DATASET RECORDS:
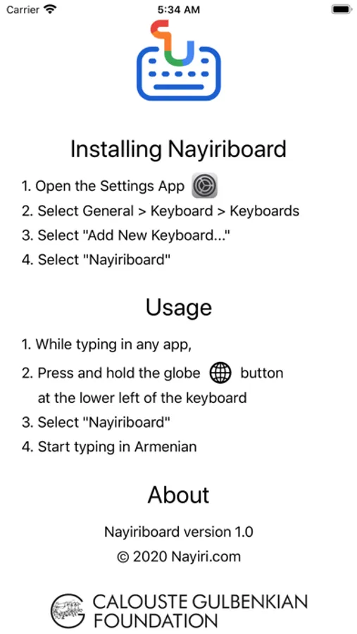 Nayiriboard allows you to type and spellcheck in Armenian inside any app. It provides a comprehensive vocabulary and supports both dialects of Armenian.
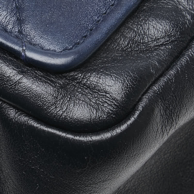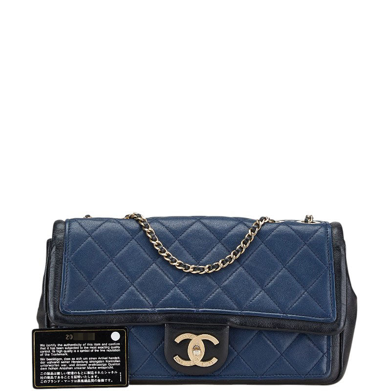 シャネル ココマーク マトラッセ バイカラー チェーン ショルダーバッグ ネイビー ブラック ラムスキン レディース CHANEL 【中古】
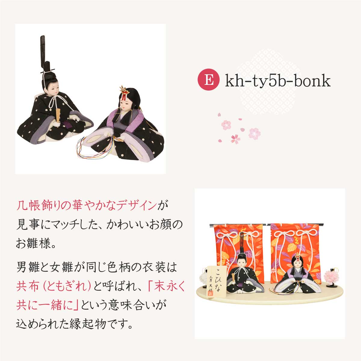 また、男雛と女雛が同じ柄でおしゃれなお衣裳は、共柄(ともがら)と呼ばれ、「末永く共に一緒に」という意味合いが込められた縁起物のお着物です。[C] kh-ty1b-bonk
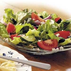 In a small bowl, combine the lettuce, tomato, cucumber, radishes, onion, olives and feta cheese. In a jar with a tight-fitting lid, combine the dressing ingredients; shake well. Drizzle over salad and toss to coat. Serve immediately. Yield: 2 servings.
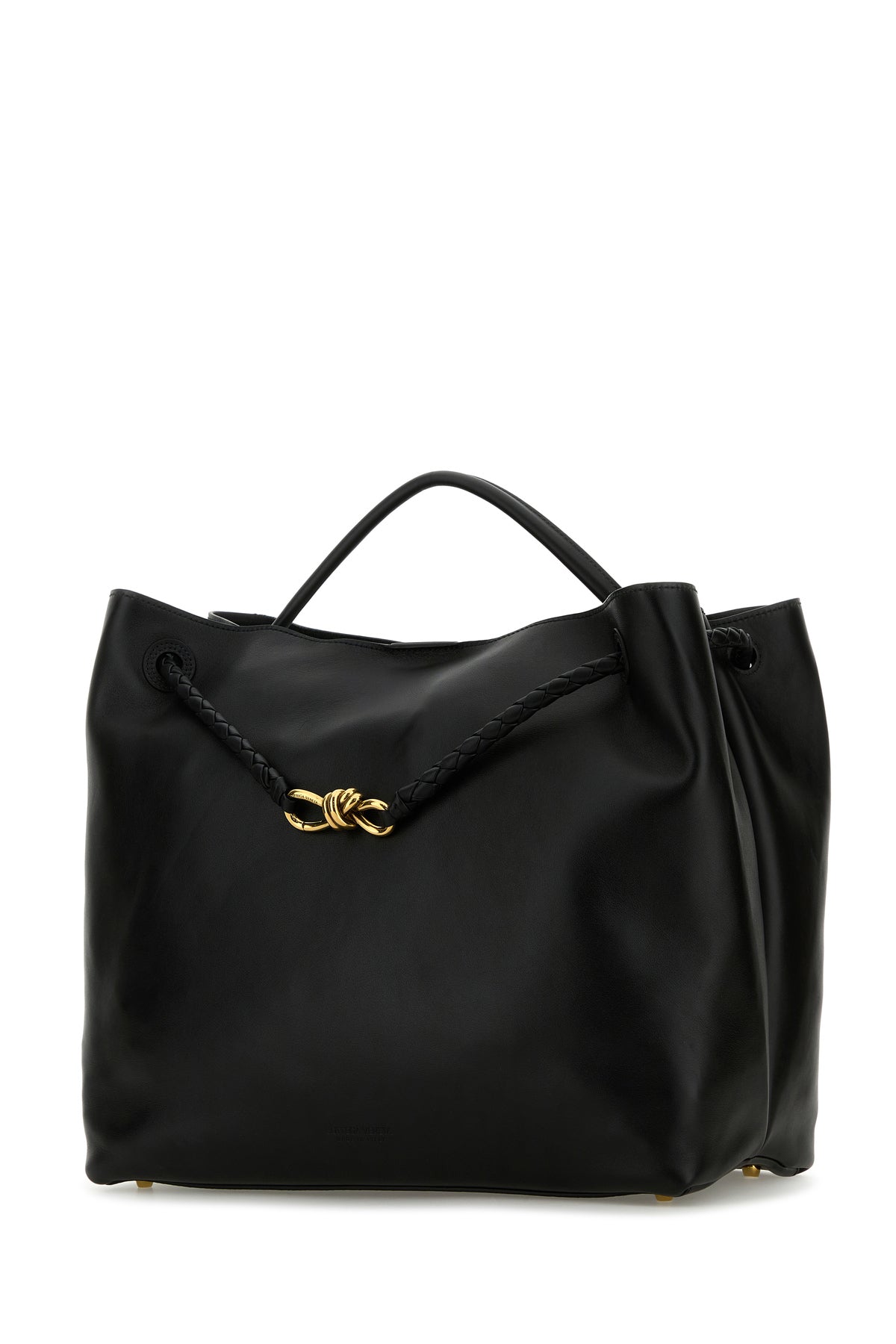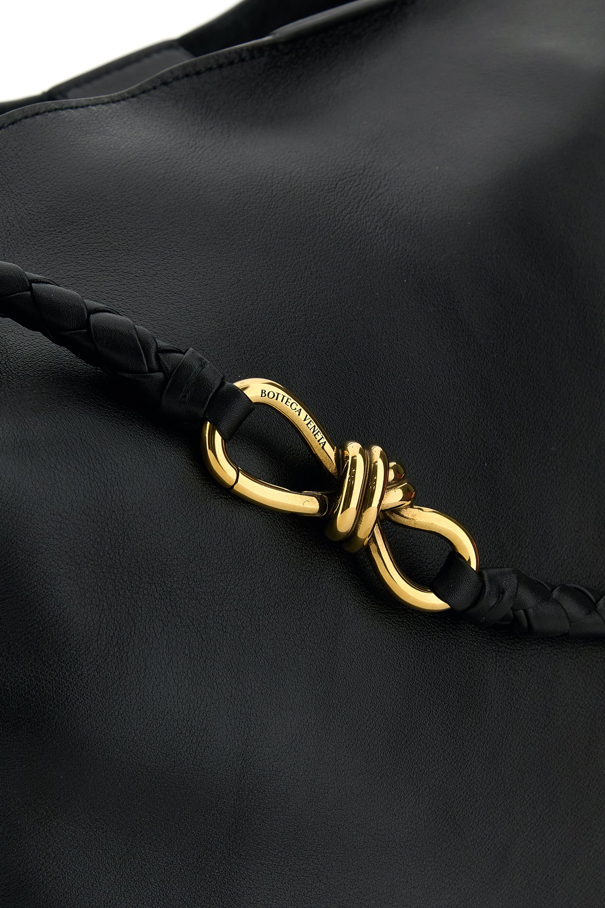 - Detachable tonal woven leather shoulder strap with metal Knot detail
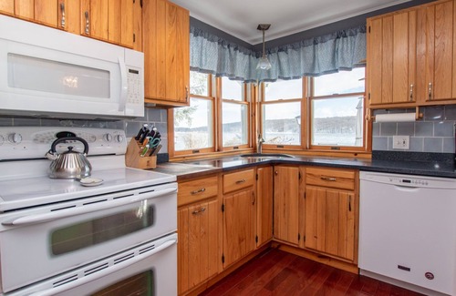Tucked just around the corner, a country kitchen with knotty pine cabinetry is accented with tile backsplash. Your chef friends will enjoy all of the cooking comforts of home while still being able to see waves crash on the shore from the lakeside window.
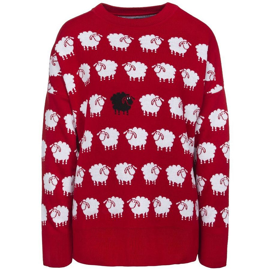 Свитер унисекс с вывязанным логотипом и индивидуальным рисунком в фирменной цветовой гамме.
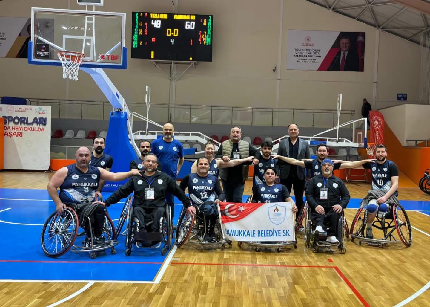 Türkiye Bedensel Engelliler Spor Federasyonu (TBESF) 1. Ligi’nde fırtına gibi esen Pamukkale Belediyespor Tekerlekli Sandalye Basketbol Takımı, deplasmanda karşılaştığı Tuzla Belediyesi Engelliler Spor Kulübü’nü 60-48 mağlup ederek şampiyonluk yolunda dev bir adım daha attı.

WHAT IS BEING ASKED:
Transcribe exactly the lines that go from the one holding "Свитер унисекс с" through the last line of the entries, both included, and nothing besides them. Do not include any pictures.

ANSWER BELOW:
 Свитер унисекс с вывязанным логотипом и индивидуальным рисунком в фирменной цветовой гамме.
 Türkiye Bedensel Engelliler Spor Federasyonu (TBESF) 1. Ligi’nde fırtına gibi esen Pamukkale Belediyespor Tekerlekli Sandalye Basketbol Takımı, deplasmanda karşılaştığı Tuzla Belediyesi Engelliler Spor Kulübü’nü 60-48 mağlup ederek şampiyonluk yolunda dev bir adım daha attı.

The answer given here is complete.